‘Rock bottom’: Huskers shoot arena-low 21 percent, fall short vs. Maryland for sixth straight loss

‘Rock bottom’: Huskers shoot arena-low 21 percent, fall short vs. Maryland for sixth straight loss
Nebraska's James Palmer and Thorir Thorbjarnarson defend Maryland's Anthony Cowan. MADDIE WASHBURN/THE WORLD-HERALD

LINCOLN — Bruno Fernando dribbled once, then lowered his shoulder and thundered into Tanner Borchardt.

Borchardt collapsed under the rim. Fernando skied with one hand, and screamed as he shook the rim with a dunk. The 6-10 forward landed briefly on Borchardt, then stepped over him, screaming again.

Tim Miles exploded onto the court, arms spread wide, and lunged toward the Maryland bench. A referee blew the play dead and held Miles back, but the coach kept screaming and shaking a finger toward Fernando.

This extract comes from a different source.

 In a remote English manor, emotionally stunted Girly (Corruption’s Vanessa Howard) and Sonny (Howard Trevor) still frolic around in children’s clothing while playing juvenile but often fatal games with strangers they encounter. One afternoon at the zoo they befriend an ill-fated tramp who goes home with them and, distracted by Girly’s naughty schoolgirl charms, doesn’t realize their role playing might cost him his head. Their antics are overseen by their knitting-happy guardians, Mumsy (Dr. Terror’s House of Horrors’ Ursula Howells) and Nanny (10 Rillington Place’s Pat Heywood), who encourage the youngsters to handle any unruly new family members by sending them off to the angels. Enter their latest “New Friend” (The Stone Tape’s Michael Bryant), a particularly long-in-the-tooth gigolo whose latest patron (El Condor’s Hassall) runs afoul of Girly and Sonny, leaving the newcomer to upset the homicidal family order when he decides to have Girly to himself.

Miles was given a technical. Fernando stood at midcourt and egged on the booing crowd with a sinister smile.

The technical, Miles said, was on purpose. He had no comment on whether Fernando stomped on Borchardt or not. The refs, Isaiah Roby said, claimed Borchardt flopped.

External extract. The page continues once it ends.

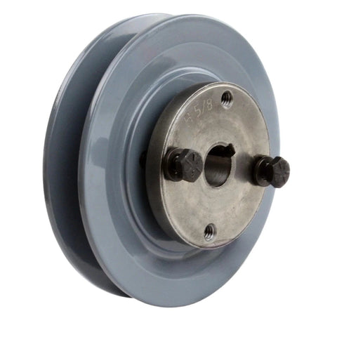 This 4.5 inch cast iron pulley is designed for 5L (B section) belts and comes with a 5/8 inch bushing to fit on a 5/8" shaft. Its two-piece construction delivers a tighter grip and reduced belt slip, making it ideal for small to mid-size drive systems such as air compressors, fans, and conveyors.
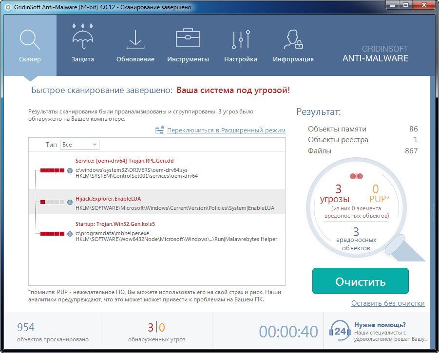 Не требуется (инсталлятор уже пролечен)GridinSoft Anti-Malware (ранее Trojan Killer) - антивирусная утилита, разработанная специально для отключения / удаления вредоносных программ без необходимости вручную редактировать системные файлы или реестр. Она удаляет дополнительные системные изменения, которые осуществляют некоторые вредоносные программы, и которые игнорируются некоторыми стандартными антивирусными сканерами. Если вы активный интернет-пользователь, то необходимо принять меры для защиты личной информации от возможных кибер-атак. GridinSoft Anti-Malware поможет вам своевременно выявлять и безопасно удалять опасные приложения.

But all night during Nebraska’s sixth straight loss, Miles tried to find a spark. He started Thorir Thorbjarnarson. Begged for a technical. Nothing worked. And the 60-45 loss to No. 24 Maryland on Wednesday night turned into one of the ugliest, nastiest, most volatile games in years.

“I hope and pray to God that this is rock bottom,” Miles said.

Nebraska shot an arena-low 21 percent and scored an arena-low 45 points. Maryland freshman Jalen Smith scored 18 with 11 rebounds, and Fernando finished with his sixth straight double-double with 13 points and 19 rebounds.

Isaiah Roby scored a team-high 20 points on 7 of 22 shooting. The rest of the team shot 5 for 35 — that’s 14.3 percent. At one point, Nebraska didn’t make a shot for 9 minutes and 48 seconds. Maryland scored 15 unanswered during that span.

Senior guard Glynn Watson didn’t make a shot and finished with zero points and one assist. James Palmer scored 12 points on 13 shots.

“It’s mental,” Miles said. “I really believe it’s mental.”

After getting down by 11, Nebraska scratched and clawed back to make it 31-29 with 14:55 left. But Maryland wiggled away, outscoring NU 29-16 the rest of the way. The Terrapins scored 30 points in the paint and outrebounded Nebraska 53-42.

“Nobody is really having fun right now,” Roby said. “We all had really big expectations for this season and we know that time just keeps running out and keeps running out.”

The six-game losing streak is the second-longest in the Miles era. Nebraska’s now lost eight of 10 games and sits at 13-10 after an 11-2 start.

Maryland coach Mark Turgeon said he felt bad for Nebraska. Losing Isaac Copeland has clearly done a number on the team.

“They’re just not playing with confidence right now,” Turgeon said. “I know how tough this business is. I feel bad for Nebraska and Tim.”

The Fernando play, which made its rounds through social media and had some national pundits calling for a suspension, put Maryland up 10 in the second half. And it released the anger and frustration from the court to the stands.

While Maryland built a second-half lead, a fan near the press box yelled at Miles to get his “(expletive) together.” He was kicked out soon after for saying the same thing minutes later.

“You’re done,” another fan screamed while Maryland shot free throws, “and you know it.”

Miles, ever the talker, could hardly get through his final thoughts on Wednesday, choking up at the end of his press conference.

“I feel really awful for our players. Because I told them a long time ago, ‘I’m not going to let you fail,’ ” Miles said, trailing off while his eyes grew misty. “And … it hurts. It’s hard.”

Miles said the team is searching for hope. For something — anything — to grab on to while the season plunges off a cliff.

Miles wiped his eyes and walked into the locker room. His senior point guard was nowhere to be found.

Watson was back on the floor with three trainers. Half the lights in the arena were off. He was still in uniform. Watson bounced, from the 3-point line to the foul line, and shot without speaking.

After the chaos, rock bottom was a calm, solemn scene. Watson shot, and moved his spot, and shot, and the lowest night of the season ended with the soft pat of a ball falling through the net, and the squeak of the senior’s sneakers echoing off thousands of empty seats.